____ Data for analysis

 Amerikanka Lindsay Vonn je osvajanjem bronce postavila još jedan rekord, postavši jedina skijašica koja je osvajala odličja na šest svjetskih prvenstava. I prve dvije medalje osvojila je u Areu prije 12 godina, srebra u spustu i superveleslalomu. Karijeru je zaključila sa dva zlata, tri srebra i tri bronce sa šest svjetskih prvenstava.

________
____ Data for analysis

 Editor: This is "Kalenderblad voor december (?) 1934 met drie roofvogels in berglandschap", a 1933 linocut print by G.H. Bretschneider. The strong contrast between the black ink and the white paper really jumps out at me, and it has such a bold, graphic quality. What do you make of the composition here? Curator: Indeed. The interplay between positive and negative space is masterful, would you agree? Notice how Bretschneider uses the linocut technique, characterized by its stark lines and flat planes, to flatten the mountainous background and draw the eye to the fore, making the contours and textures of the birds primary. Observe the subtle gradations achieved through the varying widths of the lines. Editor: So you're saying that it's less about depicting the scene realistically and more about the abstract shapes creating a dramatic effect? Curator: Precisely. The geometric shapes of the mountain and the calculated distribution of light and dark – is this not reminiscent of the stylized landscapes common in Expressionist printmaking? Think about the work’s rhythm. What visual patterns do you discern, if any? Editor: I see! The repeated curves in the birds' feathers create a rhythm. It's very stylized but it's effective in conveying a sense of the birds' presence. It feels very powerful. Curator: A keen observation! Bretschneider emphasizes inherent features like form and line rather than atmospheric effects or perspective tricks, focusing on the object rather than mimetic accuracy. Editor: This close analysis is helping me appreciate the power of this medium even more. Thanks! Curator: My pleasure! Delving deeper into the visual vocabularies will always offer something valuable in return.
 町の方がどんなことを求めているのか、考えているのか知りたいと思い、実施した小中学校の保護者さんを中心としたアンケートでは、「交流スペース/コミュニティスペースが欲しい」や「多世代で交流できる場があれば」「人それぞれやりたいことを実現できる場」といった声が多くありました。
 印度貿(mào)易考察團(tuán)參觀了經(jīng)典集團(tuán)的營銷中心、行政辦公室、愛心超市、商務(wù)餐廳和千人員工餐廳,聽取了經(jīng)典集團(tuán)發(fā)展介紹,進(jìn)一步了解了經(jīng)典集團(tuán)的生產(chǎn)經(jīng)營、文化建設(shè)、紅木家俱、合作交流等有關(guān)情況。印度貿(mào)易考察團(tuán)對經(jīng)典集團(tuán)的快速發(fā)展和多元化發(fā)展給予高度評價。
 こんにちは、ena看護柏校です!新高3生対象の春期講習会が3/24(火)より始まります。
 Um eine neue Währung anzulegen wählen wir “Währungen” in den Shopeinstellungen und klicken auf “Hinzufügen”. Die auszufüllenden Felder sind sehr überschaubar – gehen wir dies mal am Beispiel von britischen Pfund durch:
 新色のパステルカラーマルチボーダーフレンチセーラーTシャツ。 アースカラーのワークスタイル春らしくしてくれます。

________
____ Data for analysis

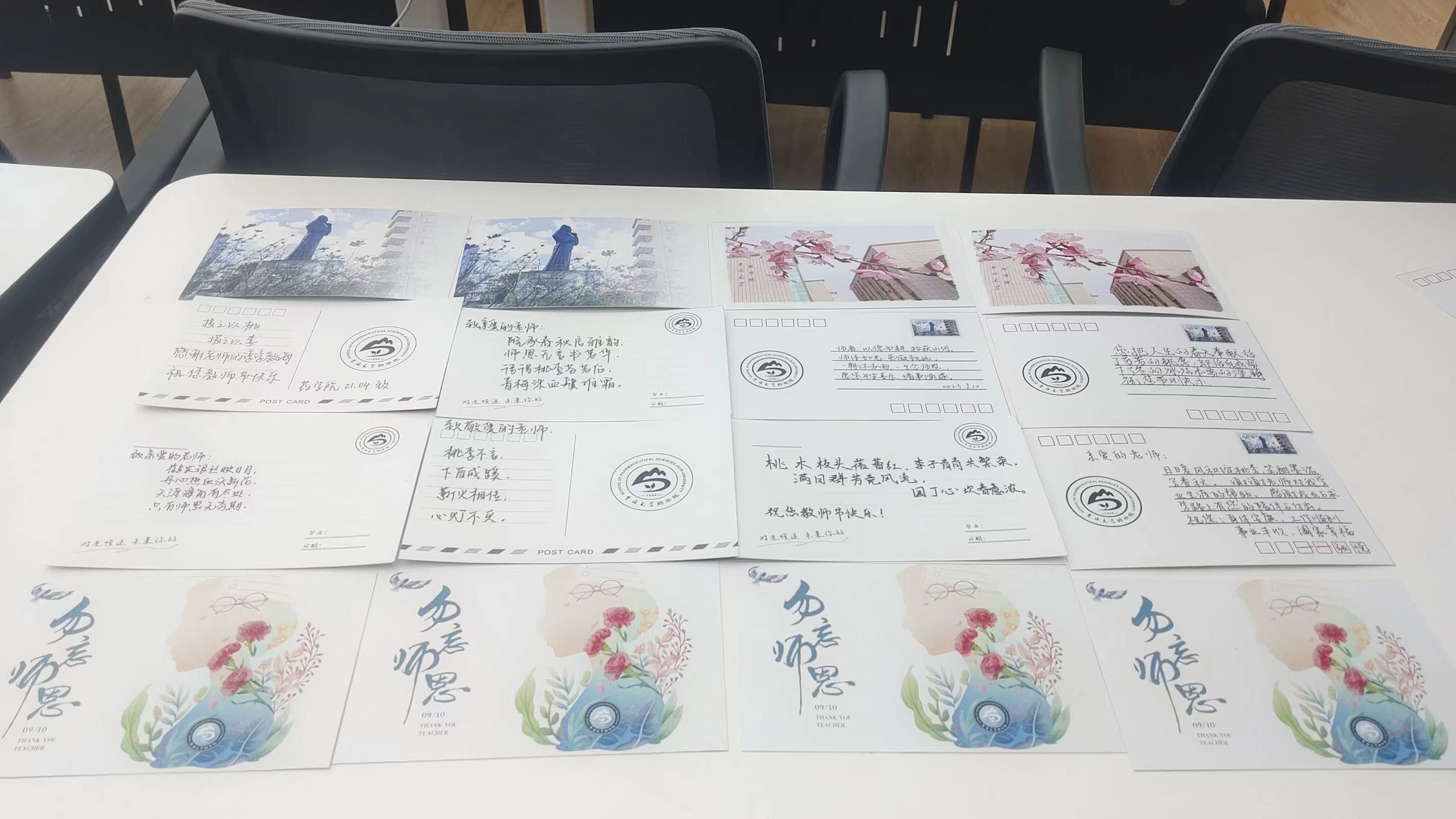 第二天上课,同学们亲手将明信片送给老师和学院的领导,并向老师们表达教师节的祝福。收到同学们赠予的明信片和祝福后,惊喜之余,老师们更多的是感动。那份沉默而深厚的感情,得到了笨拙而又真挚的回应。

________

Above are the records; from them, give again exactly the lines from the one containing "こんにちは、ena看護柏校で" through the one containing "Um eine neue", both included.

# [Task result]
 こんにちは、ena看護柏校です!新高3生対象の春期講習会が3/24(火)より始まります。
 Um eine neue Währung anzulegen wählen wir “Währungen” in den Shopeinstellungen und klicken auf “Hinzufügen”. Die auszufüllenden Felder sind sehr überschaubar – gehen wir dies mal am Beispiel von britischen Pfund durch:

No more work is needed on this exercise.